Wei Hui ha explicado que la censura se llevó a cabo por dos motivos: muchas descripciones sexuales y una mala influencia para las generaciones venideras. Declara que aunque el Partido Comunista ha intentado destruir la cultura, al mismo tiempo ha fomentado a la mujer y en el momento en que se es independiente económicamente, dado que las grandes empresas cada vez les abren más las puertas, también actúa conforme a sus pensamientos, porque es libre en todos los sentidos. Como ella ha expresado, las autoridades hubieran preferido que se sacase el espíritu revolucionario y no temas que susciten el morbo, pero es su testimonio y contribuyen al progreso de esa sociedad. Al menos yo, desde el otro lado del mundo, lo veo así.

Fuentes:
www.rsf.org
www.clarin.com
Fotografía:
www.economist.com

4 Comentarios

  1. Evidentemente China tras su incorporación a la OMC en el año 2000 y tras los gobiernos tímidamente “aperturistas” de Deng Xiaoping y sucesores deberá afrontar un proceso de evolución política o un “aggiornamento” del caduco sistema comunista.
    Como una constante del siglo XX y sus sistemas comunistas y/o totalitarios la Revolución Cultural de Mao fue un fracaso y una sangrienta toma de conciencia obrera (sic!) el Gran Salto adelante otra aberración más…
    Como ciudadanos del siglo XXI hemos de tomar partido por la libertad y su consecución como valor inherente al ser humano y exigir a la comunidad internacional su cumplimiento global.
    Empezando por nuestro propio “solar patrio” que diría Unamuno y con nuestro propio gobierno tan tibio frente a sangrantes casos como los de Cuba.

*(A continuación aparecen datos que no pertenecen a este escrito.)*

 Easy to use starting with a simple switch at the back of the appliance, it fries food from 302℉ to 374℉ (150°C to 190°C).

  2. un extracto de una entrevista que le hicieron. Espero les ayude a no sobrevalorar a esta mujer que desde ya cree que es escritora y se autodenomina inteligente, bonita y etc.

    ¿Cómo se lleva Shangai con el resto de China?

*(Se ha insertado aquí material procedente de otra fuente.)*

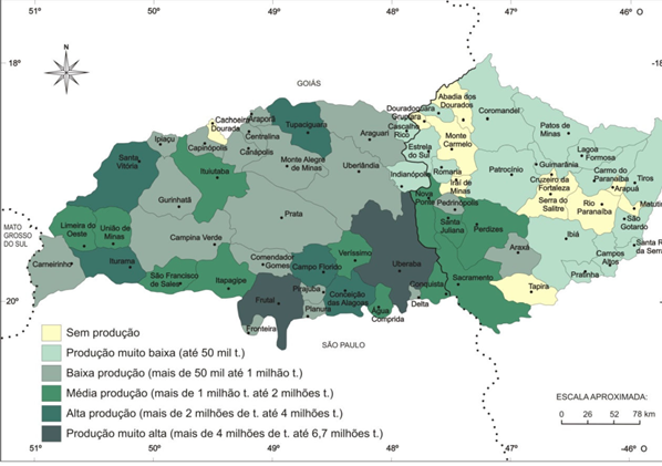 Durante as décadas de 1980 e 1990, é notório o destaque ao Cerrado nos programas direcionados ao desenvolvimento da agricultura, a região é tida como grande celeiro de alimentos como espaço de progresso e produção, de tecnologia avançada, uma vez incentivadora da exploração da agricultura de forma racional (CLEPS JR, 2009, 2016). Entretanto, não emergem, no discurso governamental, os indicadores do caráter excludente da modernização da agricultura, a concentração fundiária e a elevada sazonalidade do emprego agrícola no campo, grupos de trabalhadores encontram trabalho somente no pico da safra agrícola, úteis em culturas modernas como força de trabalho em tarefas ainda não mecanizadas.É neste contexto que a mesorregião Triângulo Mineiro/Alto Paranaíba, assim como outras regiões inseridas no domínio dos Cerrados, conhece significativa expansão dos cultivos na primeira década do século atual (Grafico 3, Figuras 2 e 3), afirmando-se como a principal região produtora de Minas Gerais (mais de 70% da produção do estado).

    — Como Nueva York con el resto de los Estados Unidos. Shangai es muy occidental, es una herencia que dejaron los europeos en la década del 20, del 30. Shangai es como una mujer muy sexy, muy rica y muy inmoral, que se acuesta con cualquiera. Todos la quieren, pero los hombres que no logran conquistarla, la difaman.

    — ¿Usted es como Shangai?

    — La reputación de mi libro es parecida a la de Shangai. No sólo está prohibido por el gobierno chino, a muchos lectores varones tampoco les pareció bien, porque el personaje, Tiantian, es impotente. Se sienten ofendidos, consideran que eso habla de la decadencia de la cultura china.

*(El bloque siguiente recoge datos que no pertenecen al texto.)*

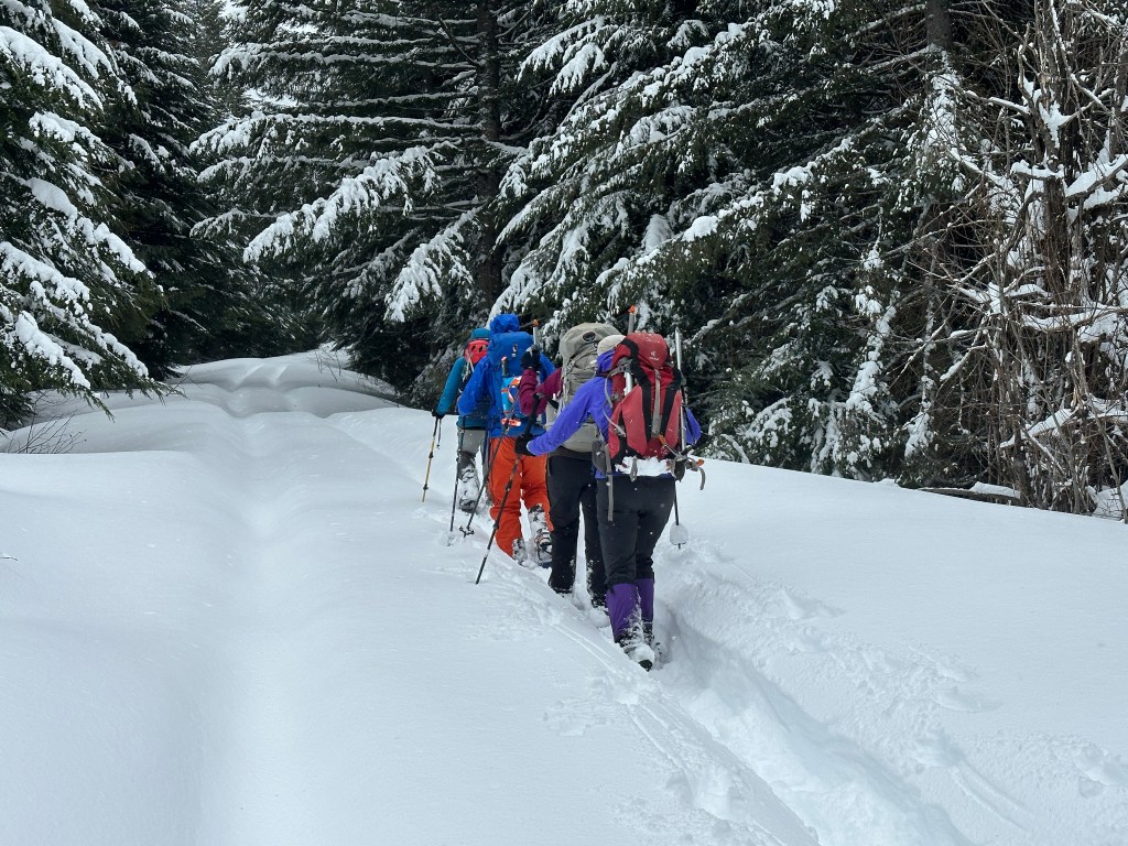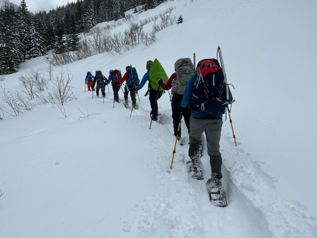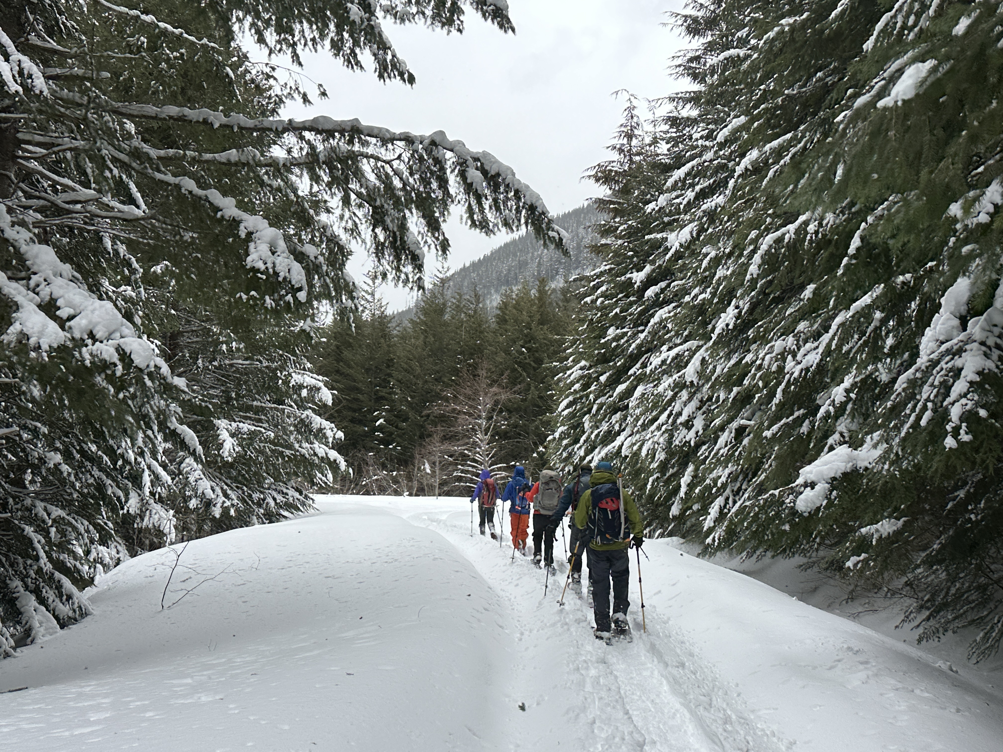 What took us almost 6 hours to ascend, took 3 hours to descend. Some of us carried all traction devices – snowshoes, microspikes and crampons. The only real necessity was snowshoes. For those of us who brought microspikes, they came in handy on the long road walk back. Which was a lot different with the warming weather and melting in the tire tracks. We traveled well together. After getting back to the old road bed, one member took the opportunity to make a snow angel (or rest in disguise of a snow angel!)

  3. un extracto de una entrevista que le hicieron. Espero les ayude a no sobrevalorar a esta mujer que desde ya cree que es escritora y se autodenomina inteligente, bonita y etc.

    ¿Cómo se lleva Shangai con el resto de China?

    — Como Nueva York con el resto de los Estados Unidos. Shangai es muy occidental, es una herencia que dejaron los europeos en la década del 20, del 30. Shangai es como una mujer muy sexy, muy rica y muy inmoral, que se acuesta con cualquiera. Todos la quieren, pero los hombres que no logran conquistarla, la difaman.

    — ¿Usted es como Shangai?

    — La reputación de mi libro es parecida a la de Shangai. No sólo está prohibido por el gobierno chino, a muchos lectores varones tampoco les pareció bien, porque el personaje, Tiantian, es impotente. Se sienten ofendidos, consideran que eso habla de la decadencia de la cultura china.

  4. Aquí nos damos cuenta de que ni los chinos están tan de acuerdo en cómo se les representa: débiles, impotentes sexualmente hablando y que comparados con un occidental son nada.
    Casada con Buda es casi la misma construcción aunque ahora el novio es un japonés (oriental a fin de cuentas). todos los que siguen el rollo de qué les fascina no saben leer buena literatura, buenos libros. Recuerden que un acosa es best -seller y otra buen libro,un verdadero trabajo literario y profundo.Antes de comentar y hablar se tiene que conocer otros libros, autores y comparar para criticar y apreciar su verdadero valor no juzgar antes. Revisen y se darán cuenta de lo que se pierden de la literatura china, de los buenos libros que se deben leer.